## What is needed
An exact transcription is needed of the lines below from the one with "El ECCD explora" through the one with "CON PICO Y PALA", with no other lines and no pictures.

## Records shown

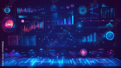 © Glce, Obraz premium Blue gradient background with data science and technology elements, charts, graphs, code lines
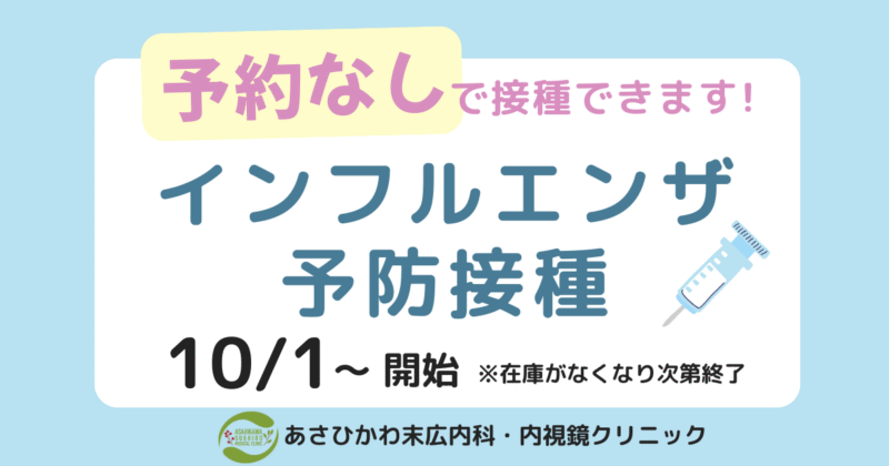 #インフルエンザ予防接種 #予約なし #インフルエンザワクチン #旭川市 #あさひかわ末広内科・内視鏡クリニック
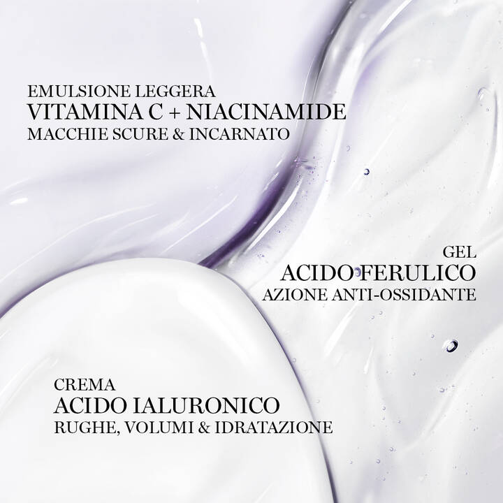 ACIDO FERULICO TEXTURE IN GEL: Puro al 99%, questo ingrediente di origine vegetale è estratto dal germe o dalal crusca di riso tramite la chimica verde. In quanto potente antiossidante, contrasta i danni provocati dai radicali liberi per proteggere la pelle dall'invecchiamento prematuro e dagli effetti del sole, rafforzando la barriera cutanea e migliorando la qualità della pelle.
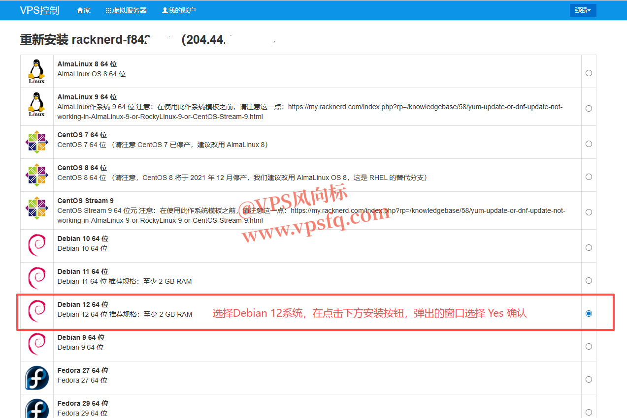 4、点击**“安装”按钮,我们选择Debian 12系统,实测1G内存也能运行,这是装机量最大的系统,各种教程、软件更多,所以推荐。然后点击下方红色“安装”按钮,进行安装。点击后会弹出确认窗口,点击“Yes”确认,然后最上方会弹出绿色的新ROOT密码**,保存并替换掉SSH远程工具的密码,注意最后可能有空格,要删掉。稍等两三分钟后就重装完毕,可以连接了,不会有邮件。
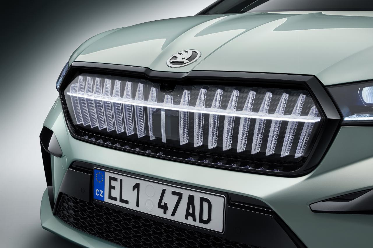Realisiert wird der illuminierte Kühlergrill durch 131 LEDs, die in einen dickwandigen Edge-Light-Lichtleiter einkoppeln und die 18 vertikalen Rippen sowie ein horizontales Band des Grills beleuchten. Während der Fahrt leuchtet das Crystal Face den Fahrbahnbereich mit aus. Beim Öffnen und Schließen des Fahrzeugs setzt es zudem Coming-Home- und Leaving-Home-Animationen um. Daneben beinhaltet das Lichtpaket für den Enyaq iV auch die Front- und Heckbeleuchtung. Je nach Ausführung beinhaltet dies ebenso anspruchsvolle Matrix-LED-Scheinwerfer wie Voll-LED-Heckleuchten, die ebenfalls dynamische Lichtfunktionen umsetzen. (aum)
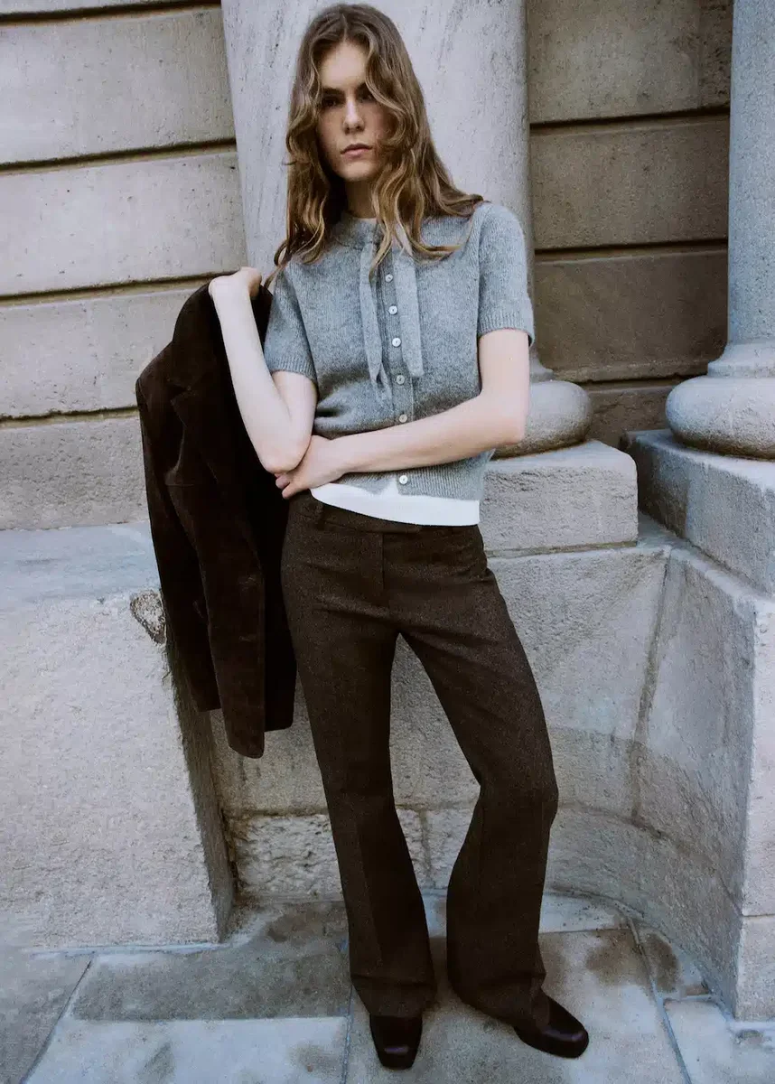 Tento rovný model z pletené látky má kulatý výstřih s mašlí. Krátké rukávy a zapínání na knoflíky vpředu dotvářejí jeho styl. Tento produkt je k dispozici pouze online
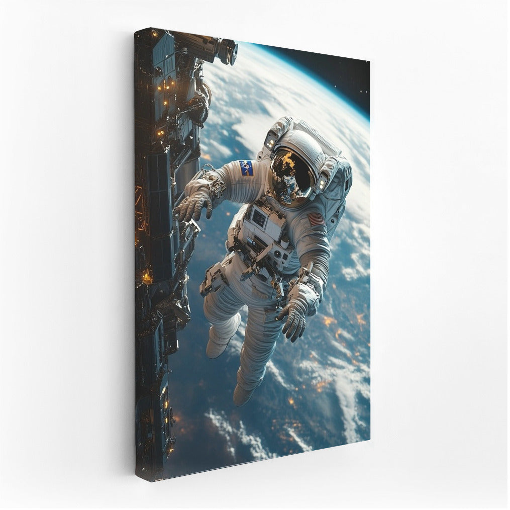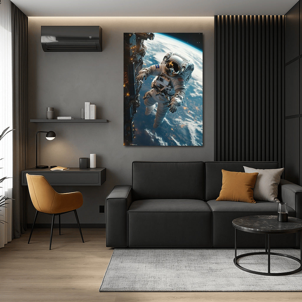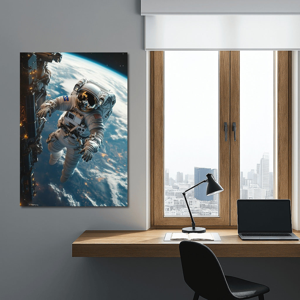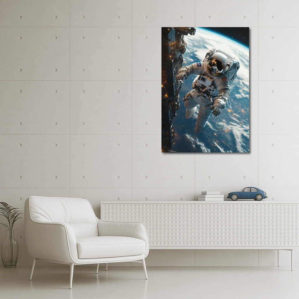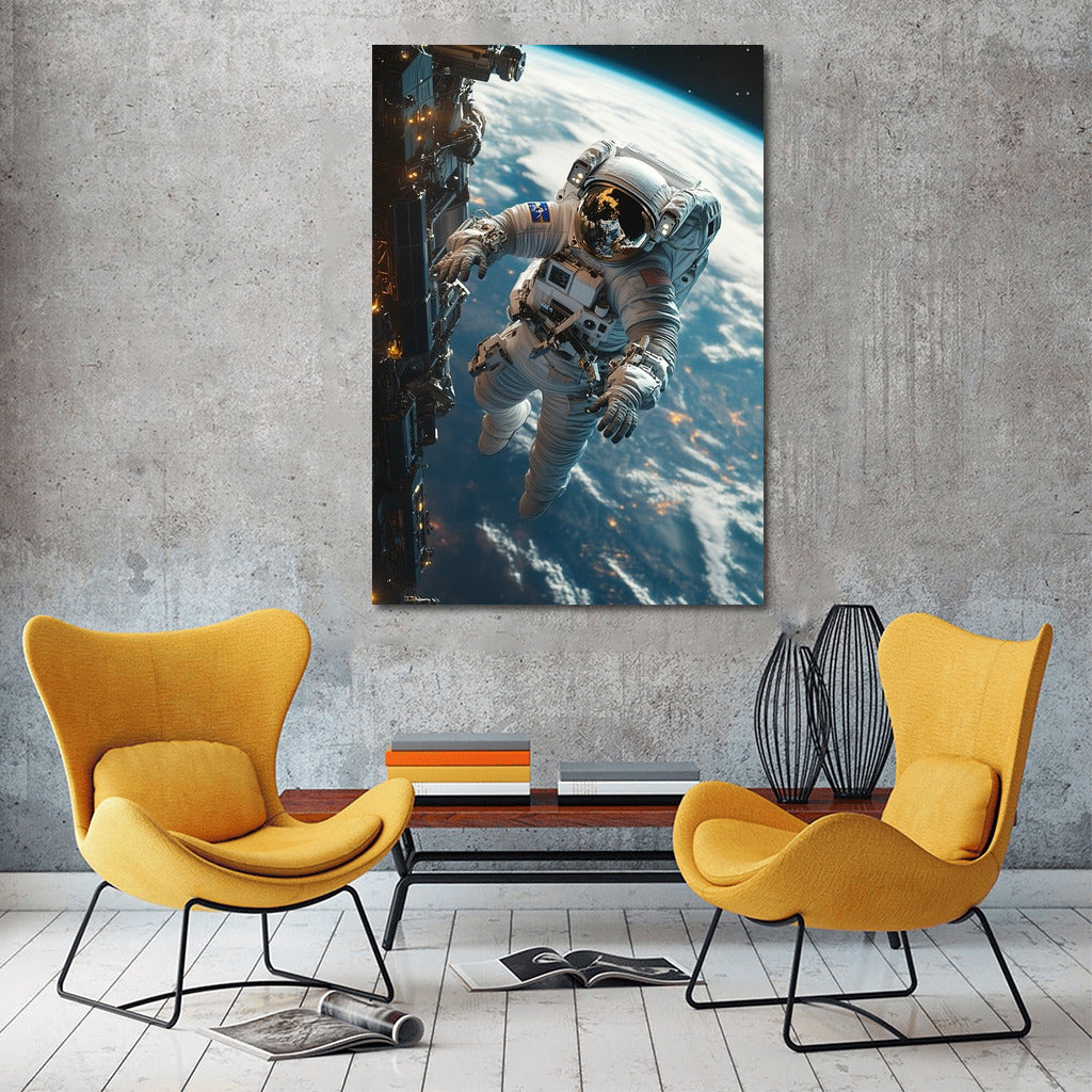 Space poster with astronaut in orbit, inspiring wall art for those who dream of stars and infinity. See more from the collection: Space & Astronomy Art
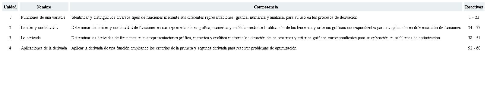 El ECCD explora cuatro unidades básicas de conocimiento del curso de cálculo diferencial, los reactivos que componen cada unidad y su competencia específica (Tabla 1).
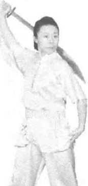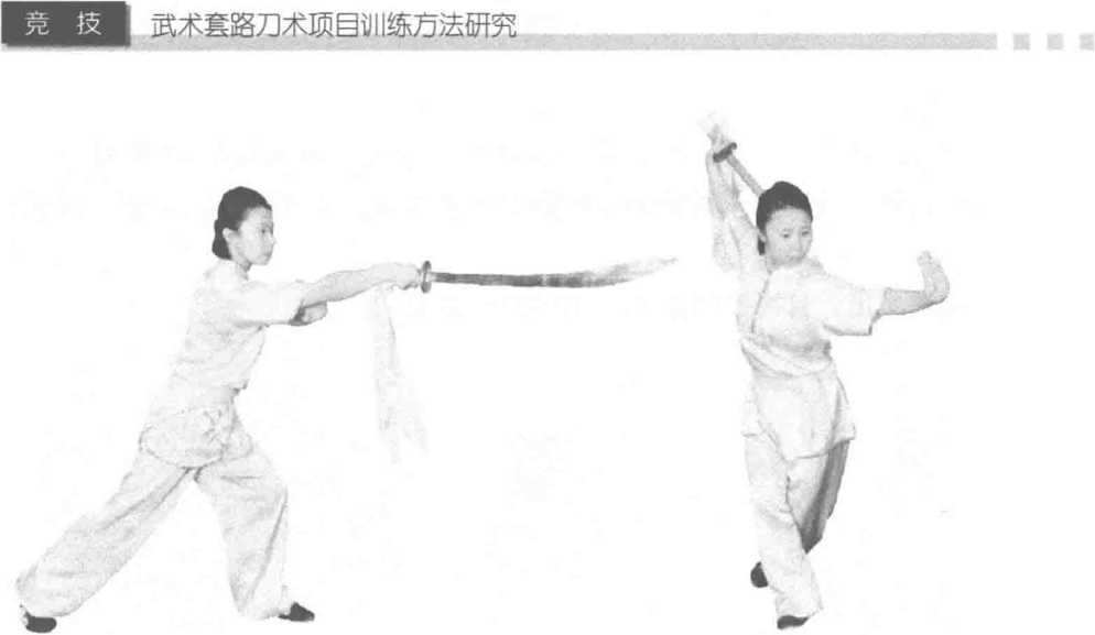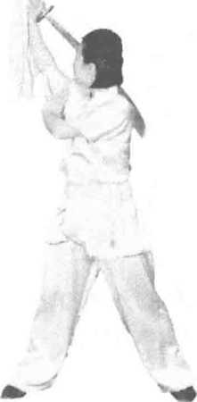 上体微右转,刀向身体右后上方扣腕上摆成背刀,左掌收于右肩前,目视右 后方。
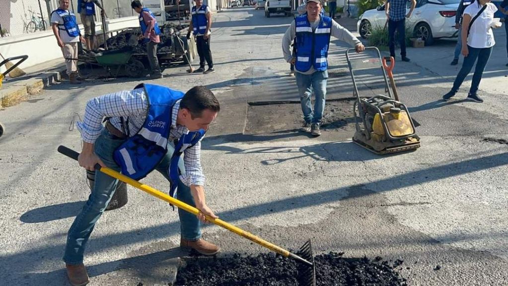 CON PICO Y PALA EL ALCALDE LALO LEAL INICIA LOS TRABAJOS DE BACHEO JUNTO CON PERSONAL DE SERVICIOS PÚBLICOS
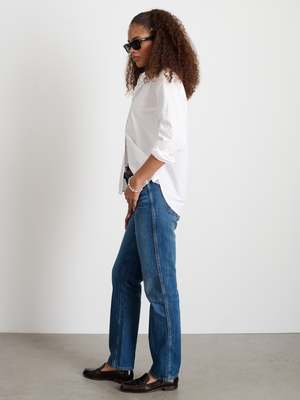 The perfect oversized cotton blouse in all the right proportions. Crafted with the perfect amount of volume and length without being too bulky. Features a front pocket and side slits. - 100% cotton - Runs true to size with an oversized fit - Size small measures 46.25" around the chest and 27" long. Sleeve length measures 31.25" from the neck
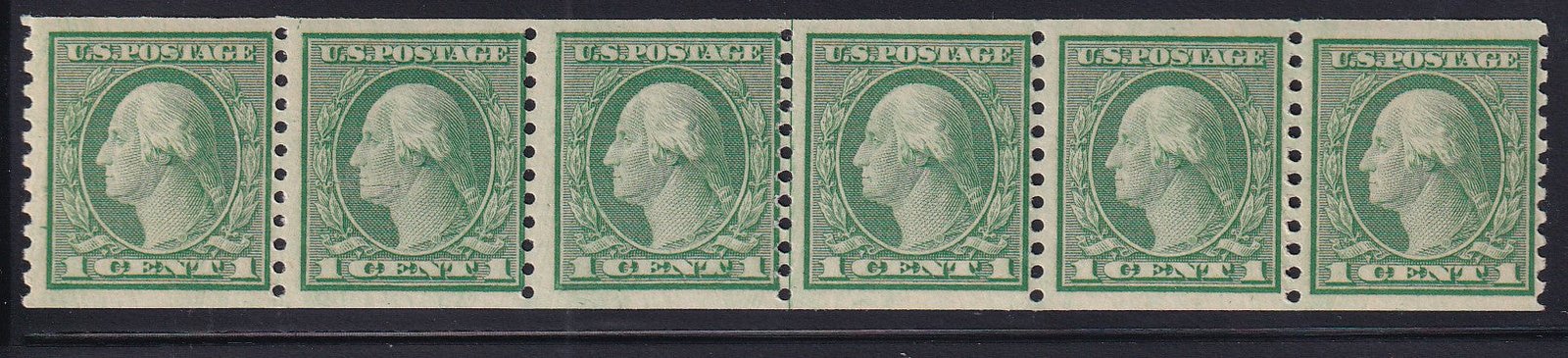 US Washington – Franklin #490 NH Mint F Line strip of 6 2nd stamp cracked plate

## Solved exercise
 El ECCD explora cuatro unidades básicas de conocimiento del curso de cálculo diferencial, los reactivos que componen cada unidad y su competencia específica (Tabla 1).
 上体微右转,刀向身体右后上方扣腕上摆成背刀,左掌收于右肩前,目视右 后方。
 CON PICO Y PALA EL ALCALDE LALO LEAL INICIA LOS TRABAJOS DE BACHEO JUNTO CON PERSONAL DE SERVICIOS PÚBLICOS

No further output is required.